Thread: Simple Graphs and Paths

This might seem easy, but im having trouble putting my proofs into words.

Let G = (V,E) be simple graph,

I need to prove for all vertices (x,y,z) of G, the follwoing are true:

1) There is a path from x to x.
2) If there is a path from x to y then there is path y -x.
3)If there is a path from x- y, and y-z then there is path x-z.

Now im not sure whats expected when proofing this.

Do i just say a path from x to x exists since its a path to itself?
and...
if a path x-y exists then there is a path y- x because x and y are two connected vertices by a edge?
and..
if there is a path from x-y, and y-z then there is a path x-z since vertices x and y are connected by an edge, and y-z is connected by an edge, this provides a path from vertices x to z through vertices y.

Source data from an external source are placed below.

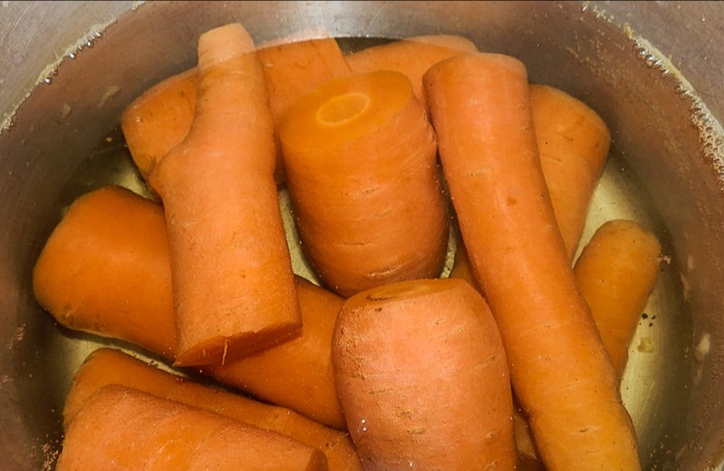 Морковь кладём в кастрюлю, заливаем водой, чтобы она покрывала овощи, и ставим кастрюлю на плиту. Варим после закипания 20 минут на среднем огне.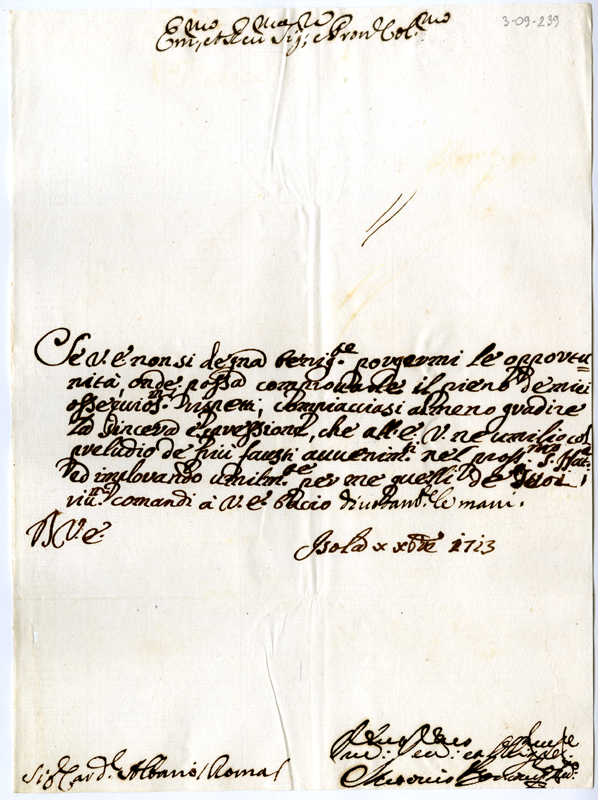 Lettera al cardinale Annibale Albani (1713 dicembre 10)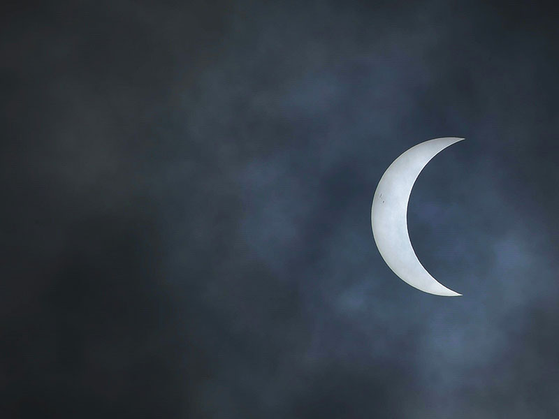 2017年8月21日,华盛顿纪念碑后,呈新月状的太阳。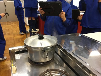 具材の順番は“柔らかくなる時間”を考えて「大根から」ということも、インプットできました。茹でている様子を写真に撮って、ロイロノートに貼り付けます。

Id like some feedback if possible thanks.

Just work from the definitions and find a path that satisfies the conditions.

1: You can take the vertice sequence {x} which starts and stops at x and exists by axiom.
2: if F: (a,b,...,z) is the path from x to y, then G: (z,...,b,a) is the path from y to x, which exists because every edge q in G exists by assumption since it exists in F.
3: if F: (a,b,...,m), G: (n,o...,z) are the respective paths from x to y and from y to z, then the path Ha,b,...,m,n,o,...,z) is the path from x to z, and all edges exist because they existed in F and G.

I couldn't be arsed with indices of the vertices, which you should use if you do this for homework, but using the alphabet is clearer.

General rule of thumb when solving these things: don't think too deeply and just construct the answers straight from the definition and question.